01:00 P.M. Friday, April 27, 2018
499 Dirac Science Library

Abstract:

Parameter-pruning algorithms combat the computational and memory costs of artificial neural networks (NNs), with some algorithms capable of removing over 90% of connection weights without harming performance. Removing weights from an NN is also a form of regularization, which means that pruning can potentially improve an NN's performance on previously unseen data. Despite this, algorithms in the pruning literature do not report improvements in the pruned NN's ability to generalize to unseen data. Our preliminary experiments suggest that pruning NNs can lead to better generalization if pruning targets large instead of small weights.

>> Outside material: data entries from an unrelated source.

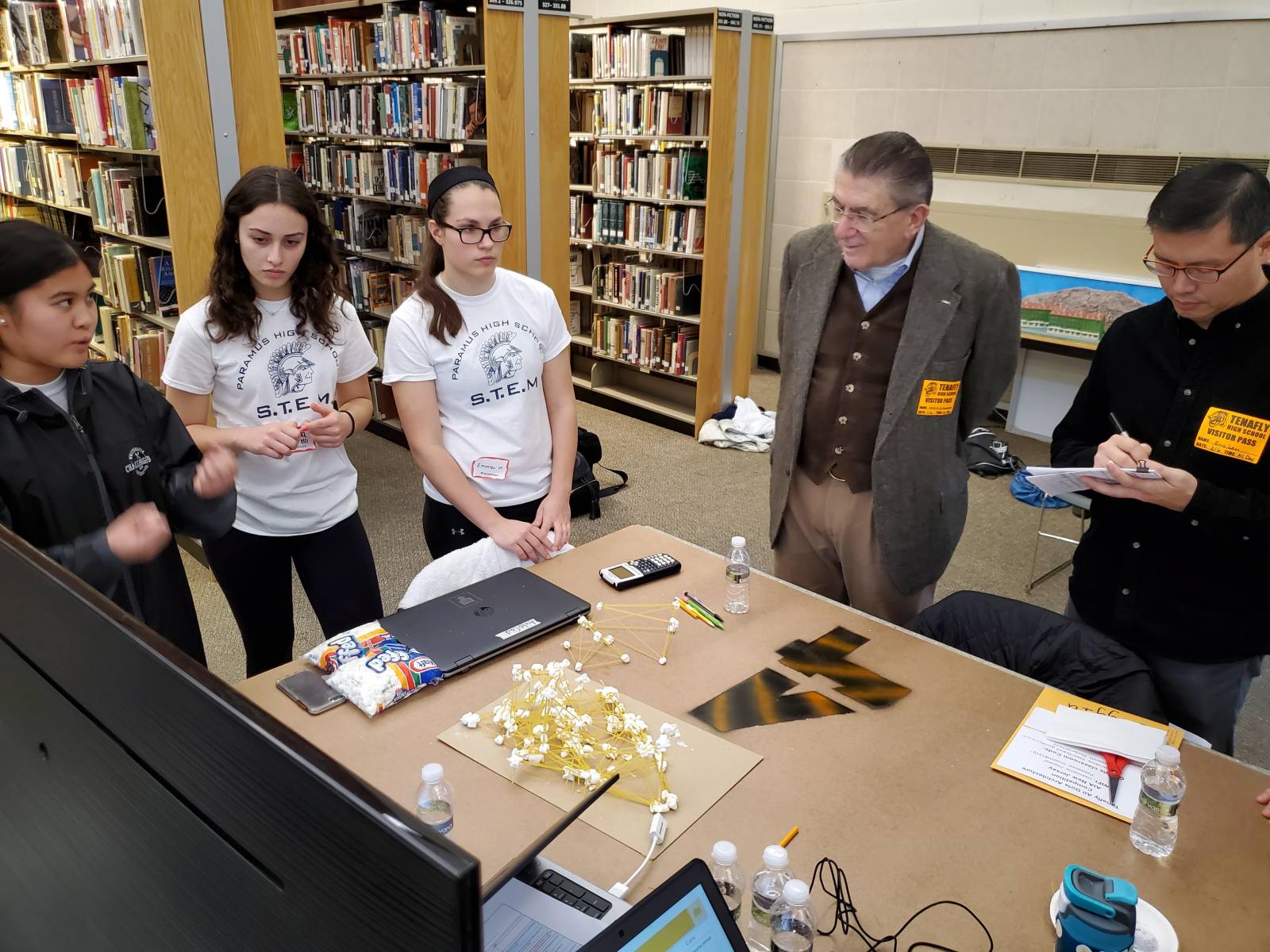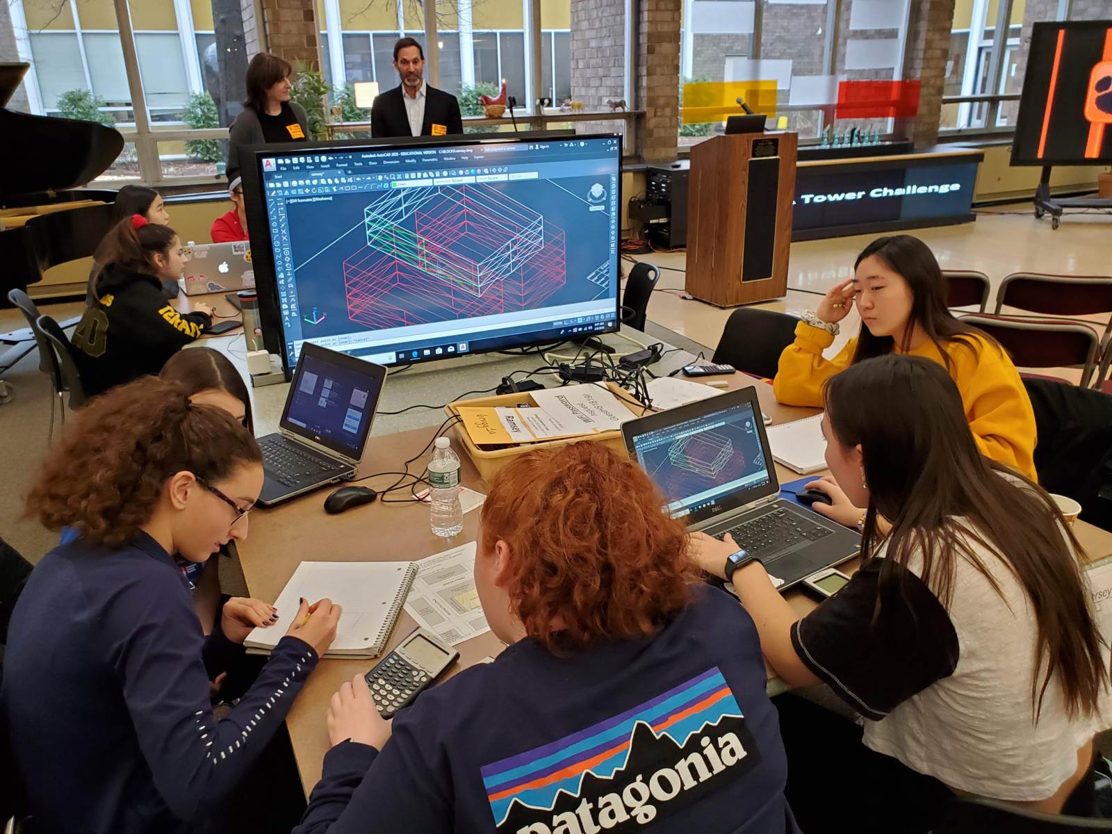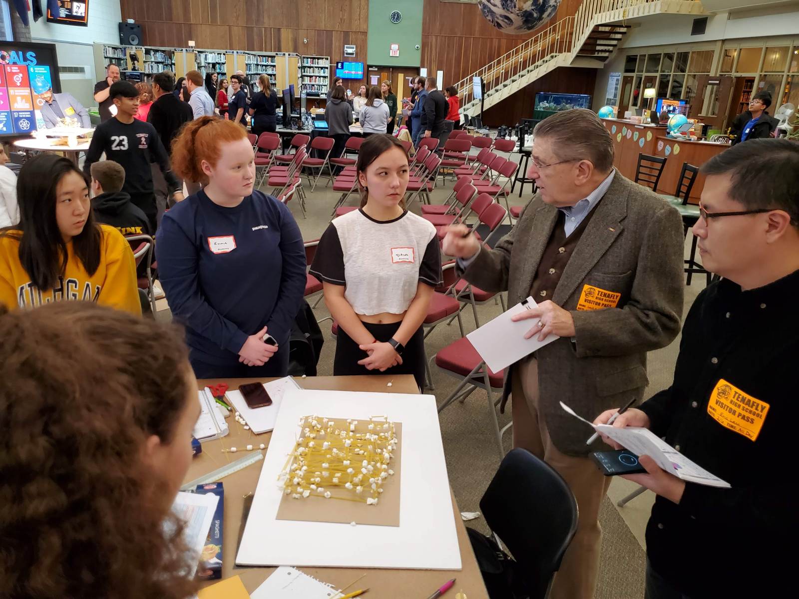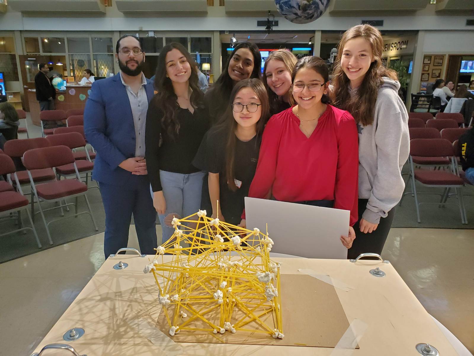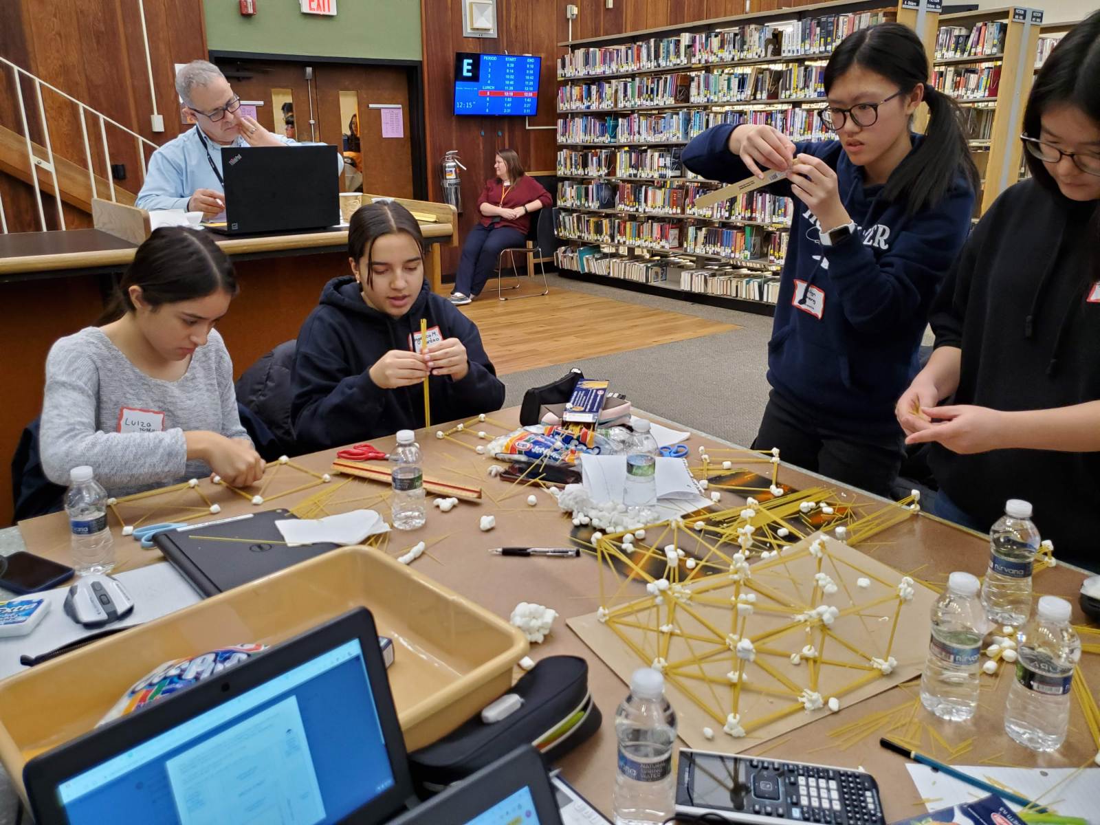 On February 6, 2020, Tenafly High School invited 96 young women from 12 NJ high schools to compete in the AIA NJ Women’s STEAM Tower Challenge. The project was designed by Joseph David, AIA, and co-chaired by Stacey Ruhle Kliesch, AIA, both past presidents of The Architects League of Northern New Jersey. Tenafly High School Teacher of Technology Education, Ghania Layachi, conceived the idea for the all-women STEAM event, arranged the logistics of the entire event and brought all of the participants together. According to Ms. Layacha, “The lack of girls in engineering and architecture motivated the officers of Tenafly Chapter of Society of Women Engineers(SWEnext) to plan this competition.”
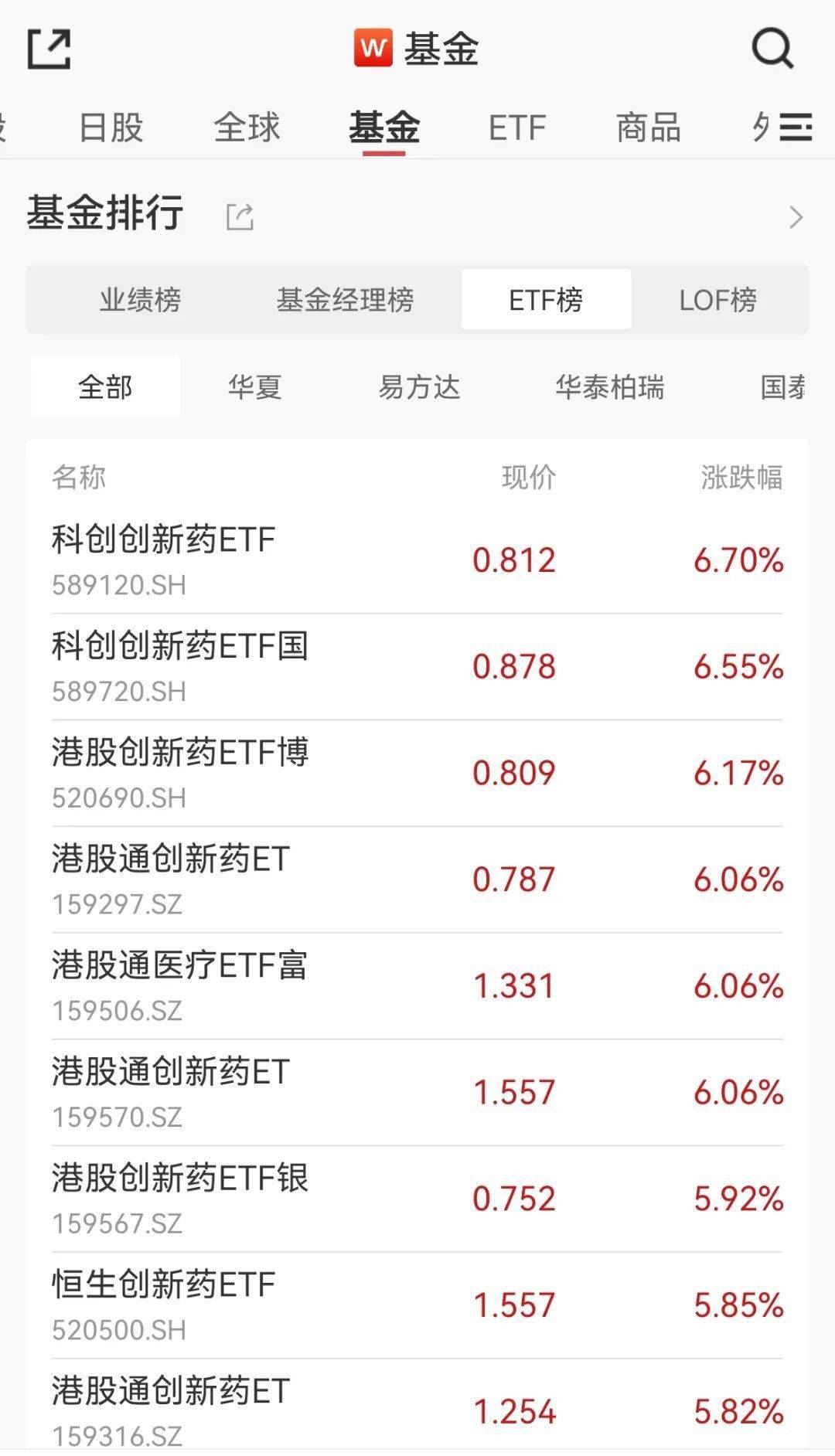多只港股创新药ETF、港股通ETF紧随其后,港股创新药ETF博时、港股通创新药ETF南方、港股通创新药ETF汇添富、港股通医疗ETF富国均涨超6%。
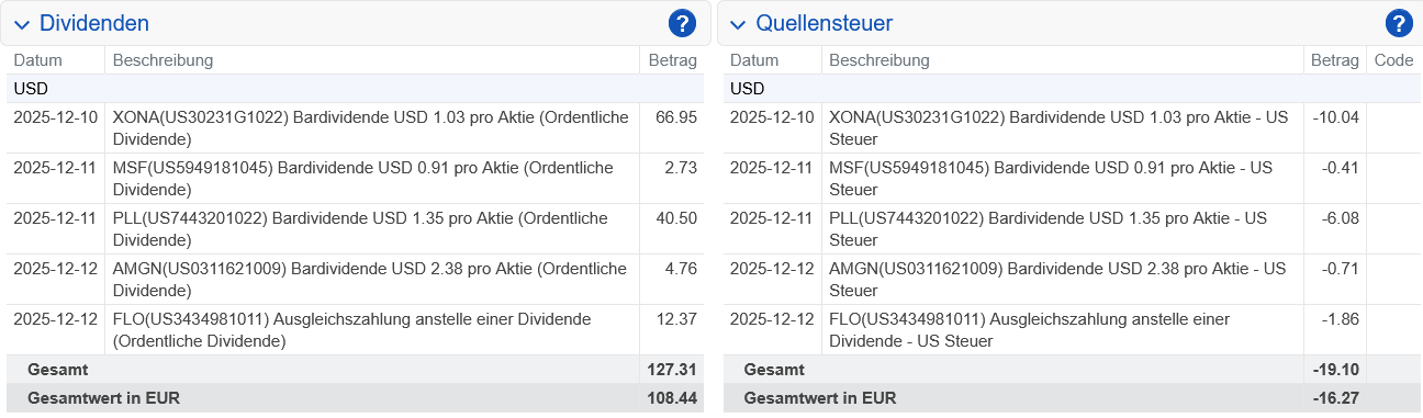 Nach Verrechnung der US-Quellensteuer wurde uns am 10.12.2025 eine Netto-Dividende von 56,91 US-Dollar gutgeschrieben.
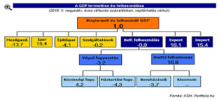 A GDP-t lehet számolni a "termelési" oldalról (sárga), de lehet a "fogyasztási" oldaláról is (kék szín). Látható, hogy a növekedés egyedüli forrása a feldolgozóipari termelés (a multinacionális cégek) és ez a terméktömeg exportra kerül.
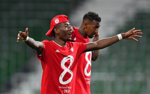 La gioia di David Alaba in una serata abbastanza surreale, come ha spiegato anche il tecnico Flick: "Mancava l'atmosfera, speriamo di festeggiare presto nel nostro stadio".
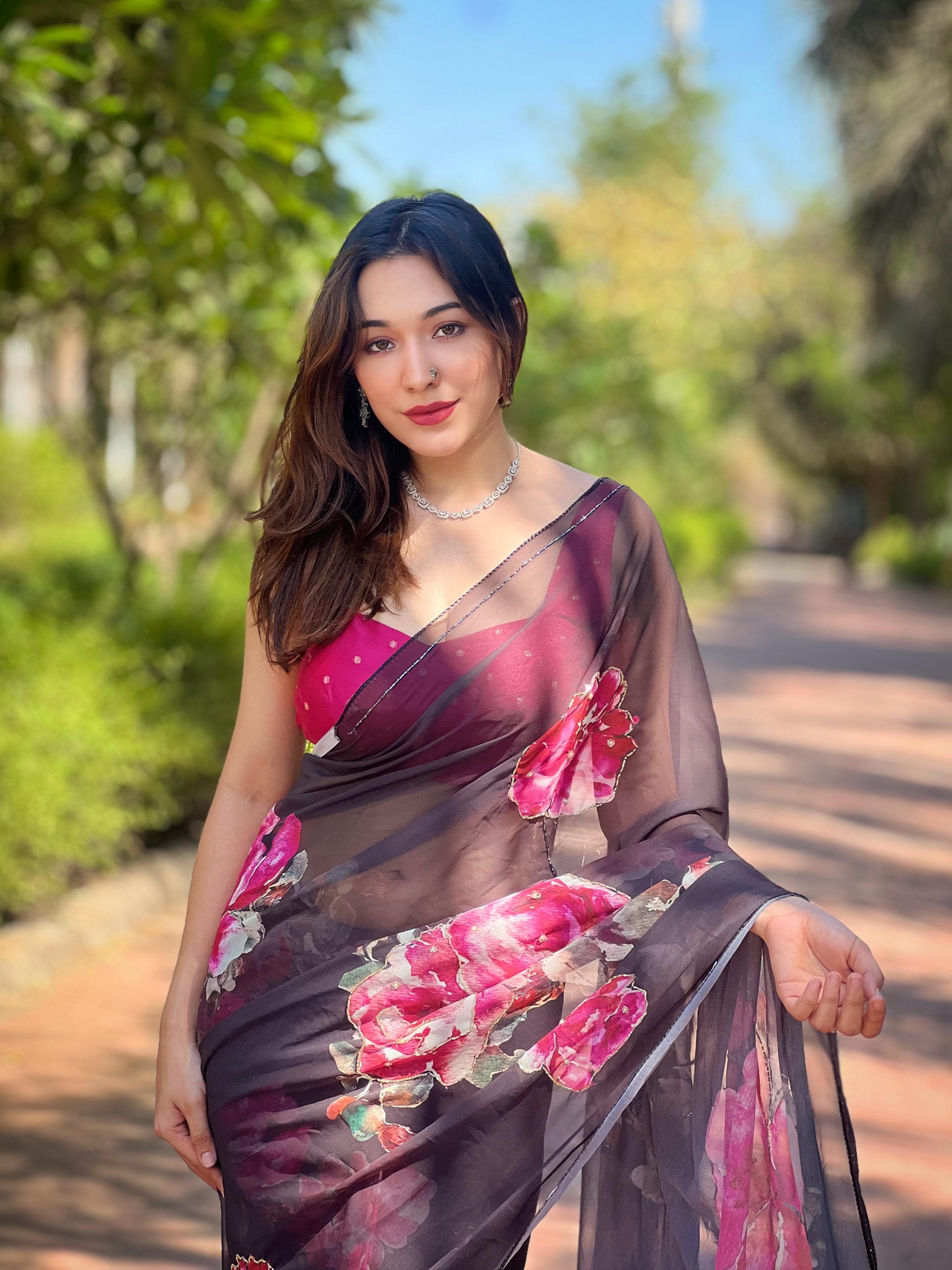 Saree: Premium Georgette Embellished With Beautiful Floral Print With Beautiful Handwork With Cut Dana And Pearl Work
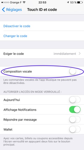 Sous IOS 10 comment peut-on désactiver le contrôle vocal puis qu’il n’y a plus dans « Réglages » – « Touch ID et code » de bouton « Composition vocale »
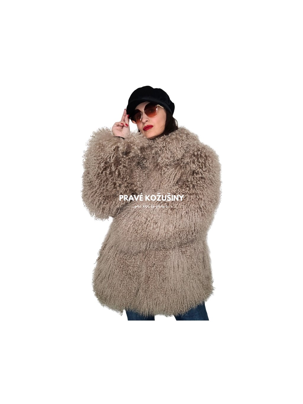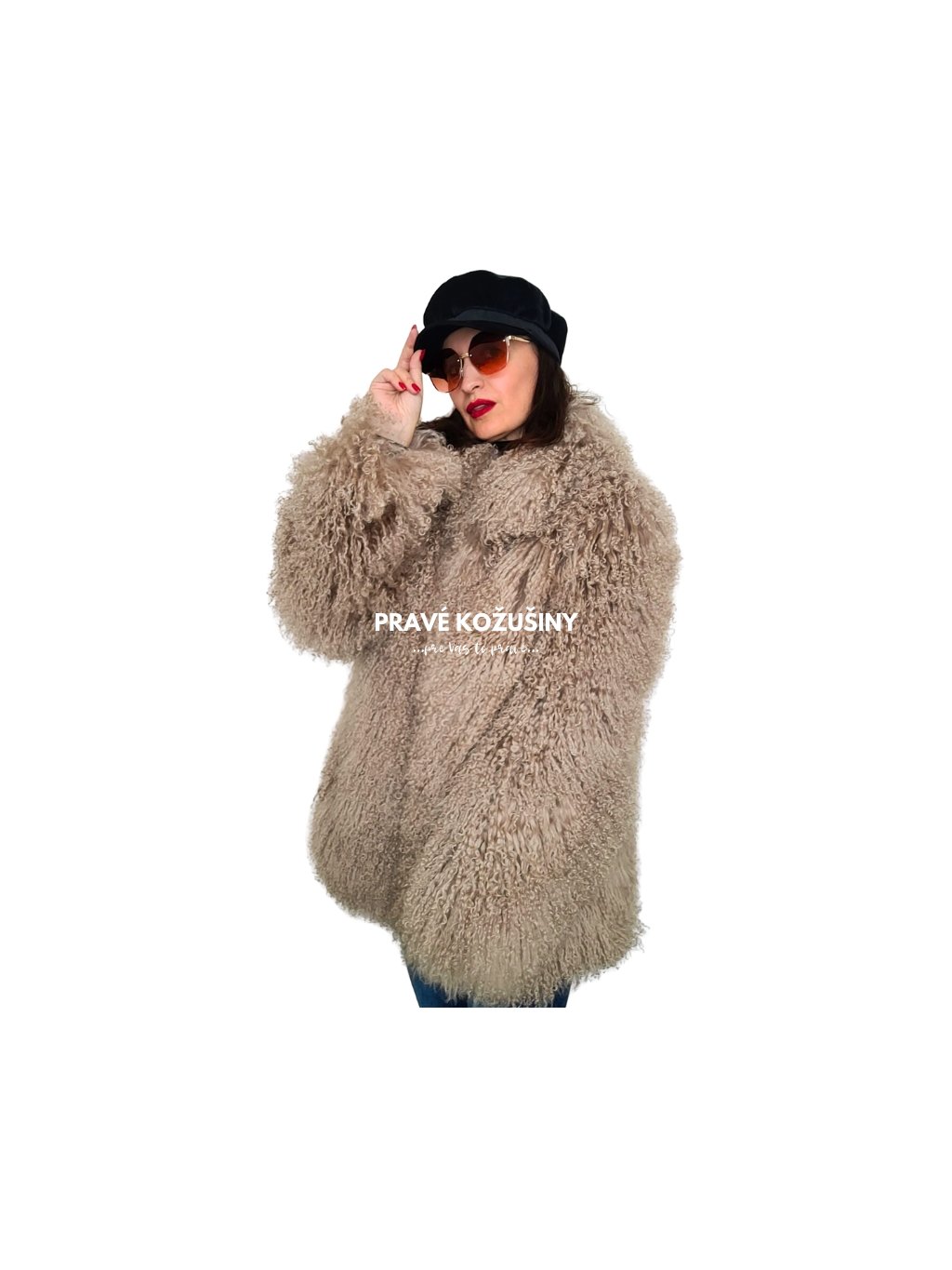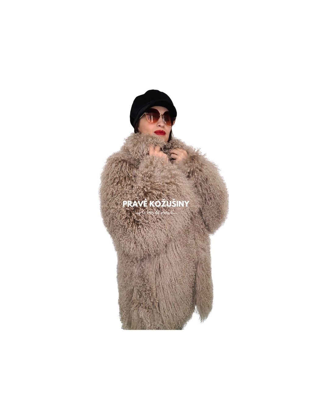 Latté kožuch z mongolskej ovce SO STOJAČIKOVÝM GOLIEROM, K227
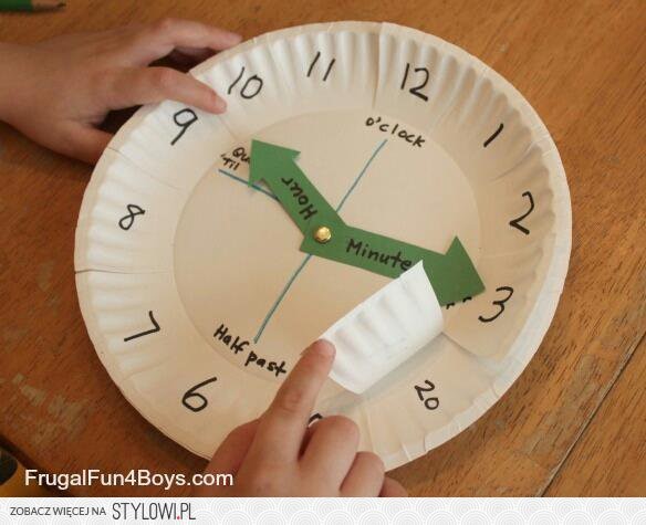 Para ensinar as horas aos mais pequenos de maneira divertida, crie um relógio usando dois pratinhos de papel (ou desenhe 2 círculos em cartão). Num dos pratos coloque as 12 horas e faça pequenos cortes ao lado de cada número. No prato de baixo, escreva os minutos.

Applying our pruning algorithm to an NN leads to a higher image classification accuracy on CIFAR-10 test data (a proxy for unseen, general data) than applying the popular regularizer dropout. The pruning couples this higher accuracy with an 85% reduction of the NN's parameter count. This prospectus describes completed and suggested work aimed at understanding how to construct an NN pruning algorithm that facilitates compression and enhances the ability to generalize.

"Han et al. Learning both weights and connections for efficient neural network, NIPS 2015"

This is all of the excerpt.